• [PROBLEM TO SOLVE] The line with "Kadın Küpe Set" marks the start; please set it down along with all later lines through the end of the material, exactly, leaving out pictures.

• [SUPPLIED DATA]
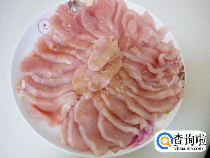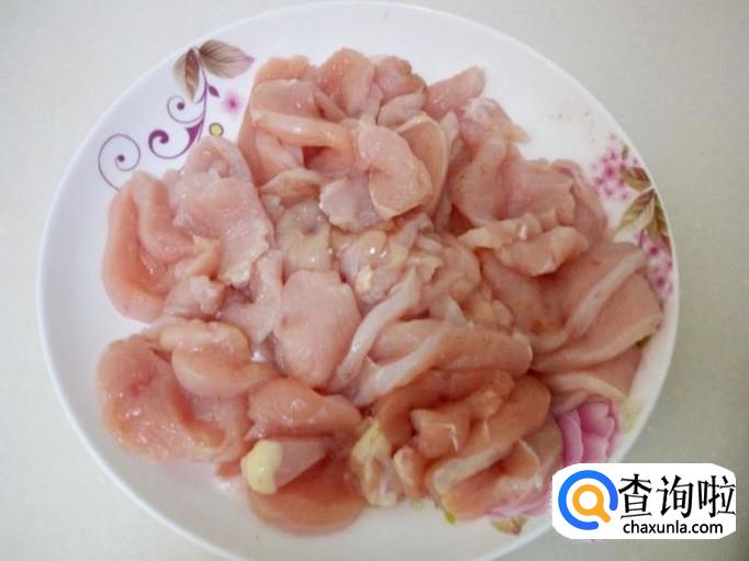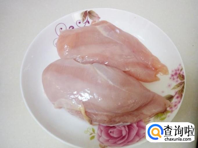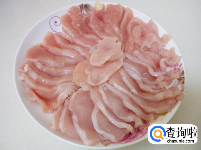 把鸡胸肉清洗干净,控干水分,切成0.3公分左右厚的片(不要切的过薄)。
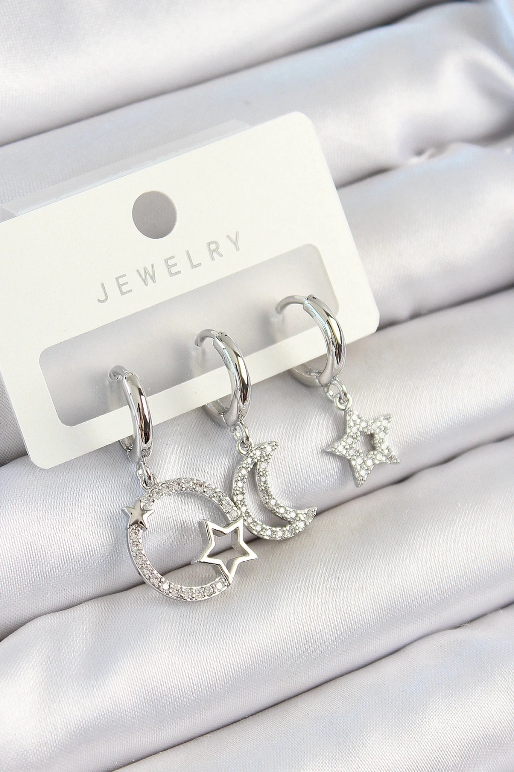 • Pirinç Zirkon Taşlı Ay Ve Yıldız Model Gümüş Renk 3'lü Çift Kadın Küpe Set
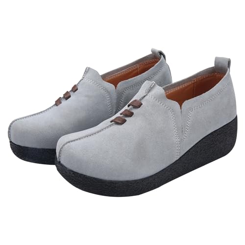 Wedge Shoes Slip On for Women Shoes Rocker Soles Lightweight Platform Shoe Suede Loafers Shoe Comfortable Tennis Sneakers Orthopedic Trainers Walking Sneaker Suitable for Campus and Shopping Grey

• [EXERCISE OUTPUT]
 • Pirinç Zirkon Taşlı Ay Ve Yıldız Model Gümüş Renk 3'lü Çift Kadın Küpe Set
 Wedge Shoes Slip On for Women Shoes Rocker Soles Lightweight Platform Shoe Suede Loafers Shoe Comfortable Tennis Sneakers Orthopedic Trainers Walking Sneaker Suitable for Campus and Shopping Grey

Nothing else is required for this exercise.